#### [Instructions for the task]
Reproduce the data exactly as given, except for any images.

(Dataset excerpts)

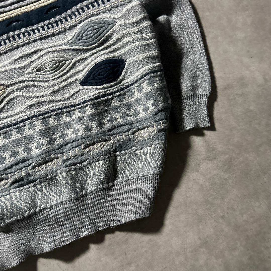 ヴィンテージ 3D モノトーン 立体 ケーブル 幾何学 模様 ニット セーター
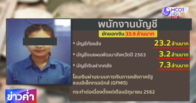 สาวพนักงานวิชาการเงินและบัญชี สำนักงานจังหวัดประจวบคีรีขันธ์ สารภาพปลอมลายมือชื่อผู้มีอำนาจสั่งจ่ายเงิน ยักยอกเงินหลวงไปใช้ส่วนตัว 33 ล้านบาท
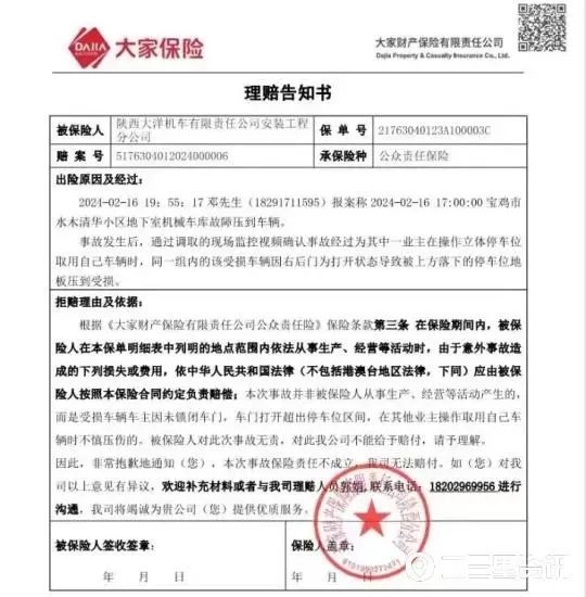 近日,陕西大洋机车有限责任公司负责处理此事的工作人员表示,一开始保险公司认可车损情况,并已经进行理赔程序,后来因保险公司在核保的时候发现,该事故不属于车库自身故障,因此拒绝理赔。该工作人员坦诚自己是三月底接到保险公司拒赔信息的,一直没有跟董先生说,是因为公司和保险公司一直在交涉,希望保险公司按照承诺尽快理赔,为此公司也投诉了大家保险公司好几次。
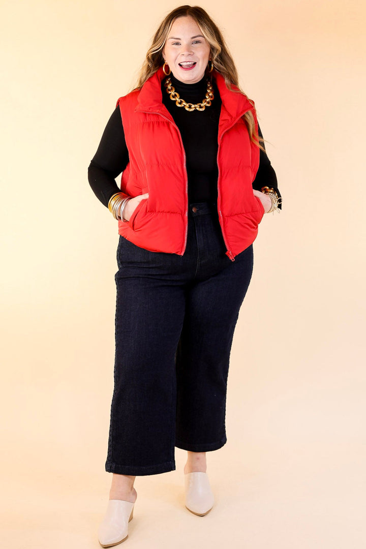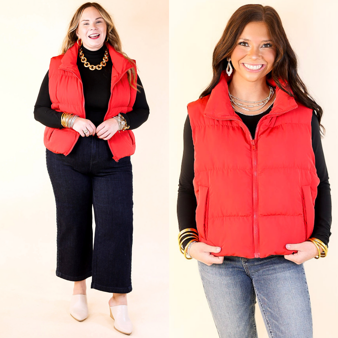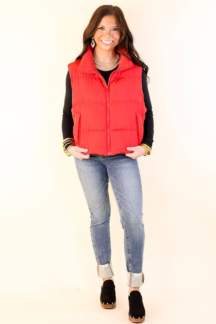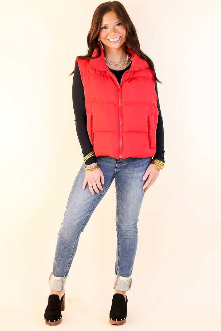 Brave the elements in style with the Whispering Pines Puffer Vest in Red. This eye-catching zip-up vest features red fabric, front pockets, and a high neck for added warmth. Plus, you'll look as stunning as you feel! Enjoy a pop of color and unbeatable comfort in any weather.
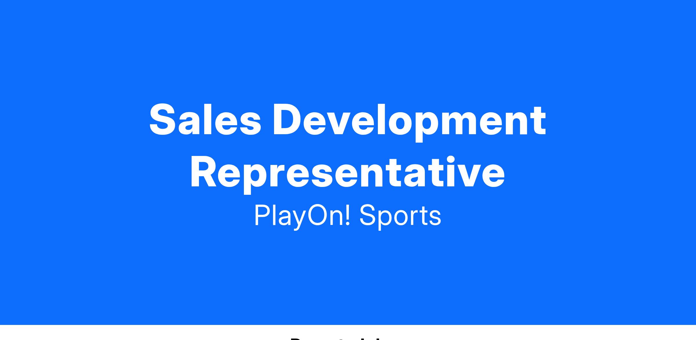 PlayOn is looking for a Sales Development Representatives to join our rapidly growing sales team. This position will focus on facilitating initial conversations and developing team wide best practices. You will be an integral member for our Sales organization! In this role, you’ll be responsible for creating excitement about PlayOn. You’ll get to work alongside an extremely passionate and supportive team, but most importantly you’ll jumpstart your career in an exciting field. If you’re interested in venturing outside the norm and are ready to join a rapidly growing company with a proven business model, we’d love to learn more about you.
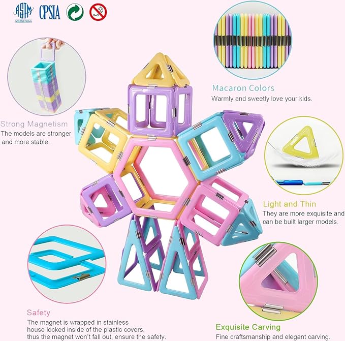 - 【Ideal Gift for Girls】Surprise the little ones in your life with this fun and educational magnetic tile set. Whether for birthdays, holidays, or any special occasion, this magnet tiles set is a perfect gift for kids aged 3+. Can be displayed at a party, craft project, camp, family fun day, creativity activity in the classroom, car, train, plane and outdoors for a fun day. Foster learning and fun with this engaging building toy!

#### [Your solution]
 ヴィンテージ 3D モノトーン 立体 ケーブル 幾何学 模様 ニット セーター
 สาวพนักงานวิชาการเงินและบัญชี สำนักงานจังหวัดประจวบคีรีขันธ์ สารภาพปลอมลายมือชื่อผู้มีอำนาจสั่งจ่ายเงิน ยักยอกเงินหลวงไปใช้ส่วนตัว 33 ล้านบาท
 近日,陕西大洋机车有限责任公司负责处理此事的工作人员表示,一开始保险公司认可车损情况,并已经进行理赔程序,后来因保险公司在核保的时候发现,该事故不属于车库自身故障,因此拒绝理赔。该工作人员坦诚自己是三月底接到保险公司拒赔信息的,一直没有跟董先生说,是因为公司和保险公司一直在交涉,希望保险公司按照承诺尽快理赔,为此公司也投诉了大家保险公司好几次。
 Brave the elements in style with the Whispering Pines Puffer Vest in Red. This eye-catching zip-up vest features red fabric, front pockets, and a high neck for added warmth. Plus, you'll look as stunning as you feel! Enjoy a pop of color and unbeatable comfort in any weather.
 PlayOn is looking for a Sales Development Representatives to join our rapidly growing sales team. This position will focus on facilitating initial conversations and developing team wide best practices. You will be an integral member for our Sales organization! In this role, you’ll be responsible for creating excitement about PlayOn. You’ll get to work alongside an extremely passionate and supportive team, but most importantly you’ll jumpstart your career in an exciting field. If you’re interested in venturing outside the norm and are ready to join a rapidly growing company with a proven business model, we’d love to learn more about you.
 - 【Ideal Gift for Girls】Surprise the little ones in your life with this fun and educational magnetic tile set. Whether for birthdays, holidays, or any special occasion, this magnet tiles set is a perfect gift for kids aged 3+. Can be displayed at a party, craft project, camp, family fun day, creativity activity in the classroom, car, train, plane and outdoors for a fun day. Foster learning and fun with this engaging building toy!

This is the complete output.